··· MATERIAL SHOWN ···
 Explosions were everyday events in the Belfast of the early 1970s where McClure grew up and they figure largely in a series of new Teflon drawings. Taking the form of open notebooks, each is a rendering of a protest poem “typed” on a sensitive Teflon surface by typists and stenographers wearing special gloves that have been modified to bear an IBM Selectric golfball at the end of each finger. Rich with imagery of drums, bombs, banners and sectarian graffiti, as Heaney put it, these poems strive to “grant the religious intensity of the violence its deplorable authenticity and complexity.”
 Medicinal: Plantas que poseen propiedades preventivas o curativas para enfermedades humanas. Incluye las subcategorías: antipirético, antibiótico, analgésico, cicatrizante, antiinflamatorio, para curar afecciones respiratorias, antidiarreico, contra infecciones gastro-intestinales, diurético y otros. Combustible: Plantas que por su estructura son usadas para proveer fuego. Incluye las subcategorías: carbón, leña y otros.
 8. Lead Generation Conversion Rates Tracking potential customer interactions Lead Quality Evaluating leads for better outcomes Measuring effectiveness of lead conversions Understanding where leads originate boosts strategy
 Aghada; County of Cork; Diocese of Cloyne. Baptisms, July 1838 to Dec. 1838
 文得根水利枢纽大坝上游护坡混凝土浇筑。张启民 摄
···
··· MATERIAL SHOWN ···
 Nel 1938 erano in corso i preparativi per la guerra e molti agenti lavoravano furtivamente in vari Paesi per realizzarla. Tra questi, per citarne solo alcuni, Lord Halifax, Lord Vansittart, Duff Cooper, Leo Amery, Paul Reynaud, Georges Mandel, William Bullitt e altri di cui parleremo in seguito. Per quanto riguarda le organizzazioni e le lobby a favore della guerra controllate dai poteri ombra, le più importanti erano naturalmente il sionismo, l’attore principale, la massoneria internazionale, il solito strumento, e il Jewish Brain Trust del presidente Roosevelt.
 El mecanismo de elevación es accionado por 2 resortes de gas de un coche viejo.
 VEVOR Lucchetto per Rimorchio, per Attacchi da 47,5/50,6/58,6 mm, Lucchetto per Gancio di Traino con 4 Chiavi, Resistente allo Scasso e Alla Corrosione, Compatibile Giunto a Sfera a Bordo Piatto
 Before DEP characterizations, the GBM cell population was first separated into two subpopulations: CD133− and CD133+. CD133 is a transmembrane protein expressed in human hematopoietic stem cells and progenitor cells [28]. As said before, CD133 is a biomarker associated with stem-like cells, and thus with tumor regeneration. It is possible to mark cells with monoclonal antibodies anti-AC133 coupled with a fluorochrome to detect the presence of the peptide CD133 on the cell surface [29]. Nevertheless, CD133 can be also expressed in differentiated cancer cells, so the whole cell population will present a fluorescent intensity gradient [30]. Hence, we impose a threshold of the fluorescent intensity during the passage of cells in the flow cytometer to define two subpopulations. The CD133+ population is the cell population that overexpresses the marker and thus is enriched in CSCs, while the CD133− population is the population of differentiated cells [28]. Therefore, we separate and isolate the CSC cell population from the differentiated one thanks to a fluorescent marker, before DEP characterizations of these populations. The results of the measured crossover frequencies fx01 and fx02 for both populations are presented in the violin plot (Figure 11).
···
YOUR GOAL => Only the lines from the one containing "8. Lead Generation" through the one containing "文得根水利枢纽大坝上游护坡混凝土浇筑。张启民 摄" are to be retyped, both boundary lines included, with no other material.

YOUR SOLUTION =>
 8. Lead Generation Conversion Rates Tracking potential customer interactions Lead Quality Evaluating leads for better outcomes Measuring effectiveness of lead conversions Understanding where leads originate boosts strategy
 Aghada; County of Cork; Diocese of Cloyne. Baptisms, July 1838 to Dec. 1838
 文得根水利枢纽大坝上游护坡混凝土浇筑。张启民 摄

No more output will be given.